The production of phospholipases is the same for both media; the seemingly higher production in CLUPS was not statistically significant. So far, it seems that the CLUPS medium outperforms PEHPS medium for the culture of E. histolytica trophozoites; however this would have to be demonstrated by prolonged use.

The effectiveness of virulence factors in amebas is demonstrated in vivo by the formation of hepatic abscesses; it has even been shown that amebas increase their virulence after inoculating them in hamster liver and recovering them from lesions [31]. Although it has been mentioned that pathogenic amebas induce liver abscesses whereas nonpathogenic amebas are unable to produce them, recently it has been shown that some nonpathogenic species can produce liver abscesses [32]. We carried out an assay to demonstrate that the trophozoites of the HM1: IMSS strain grown in the CLUPS medium are capable of producing hepatic abscesses as well as those grown in PEHPS and TYI-S-33.

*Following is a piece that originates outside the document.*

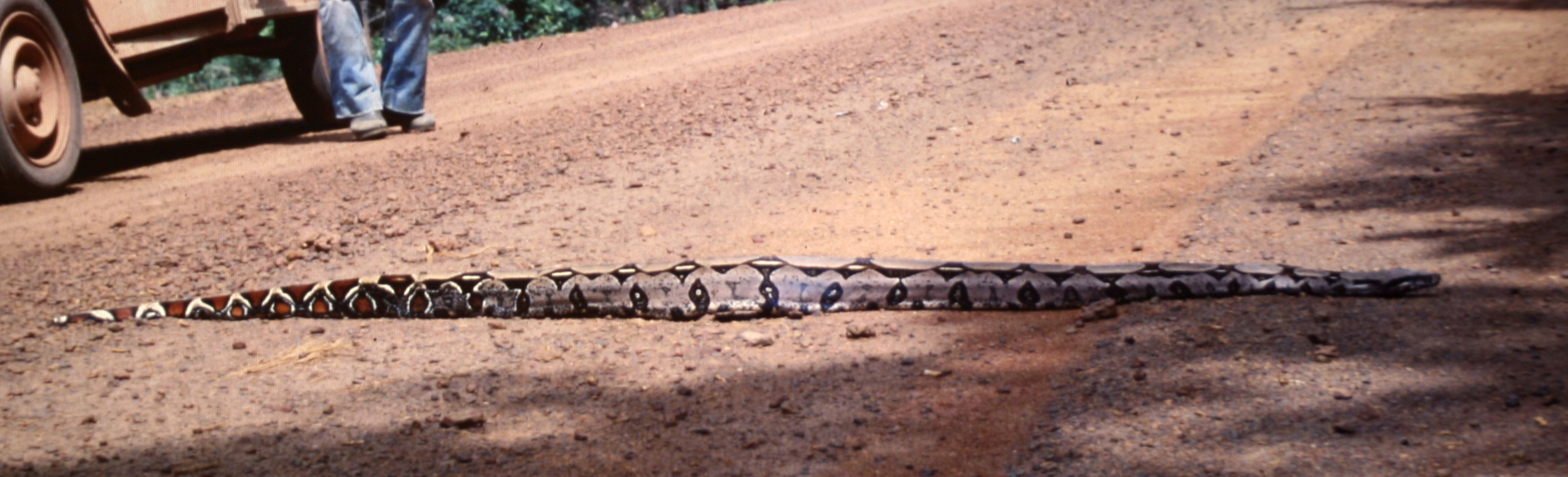 Boa constrictor . Photo: Zanderij-Apoera road, Suriname.

Alternatively, the CLUPS medium may contain factors that favor proper growth and an increased phospholipase activity. To verify if lung extracts have better factors than the other culture media, we will compare the growth and enzymatic activity of amebas cultivated in either CLUPS or PEHPS medium. At the moment no commercial medium has extracts from animal organs [10, 11].

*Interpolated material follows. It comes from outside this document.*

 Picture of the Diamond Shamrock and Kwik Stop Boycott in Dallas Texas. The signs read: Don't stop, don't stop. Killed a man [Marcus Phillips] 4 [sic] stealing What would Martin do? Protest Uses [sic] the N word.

The successful culture of this parasite in this new CLUPS medium allows for the execution of assays in an economical and stable environment. Similar to the PEHPS medium, CLUPS avoids assay variability due to interlot variability common in commercial culture media [13]. In this regard, it should be mentioned that a large batch of concentrated organ extract suffices for over a year's supply for in-house prepared medium [14].

The reliable cultivation of E. histolytica in CLUPS medium allows us to investigate the biology of this parasite, to study its virulence factors, to develop better diagnostic methods, and to test new drugs for better treatments.

In conclusion, we consider that the CLUPS medium is a superior alternative culture medium, which is both economic and free of the interlot variability present in commercial TYI-S-33.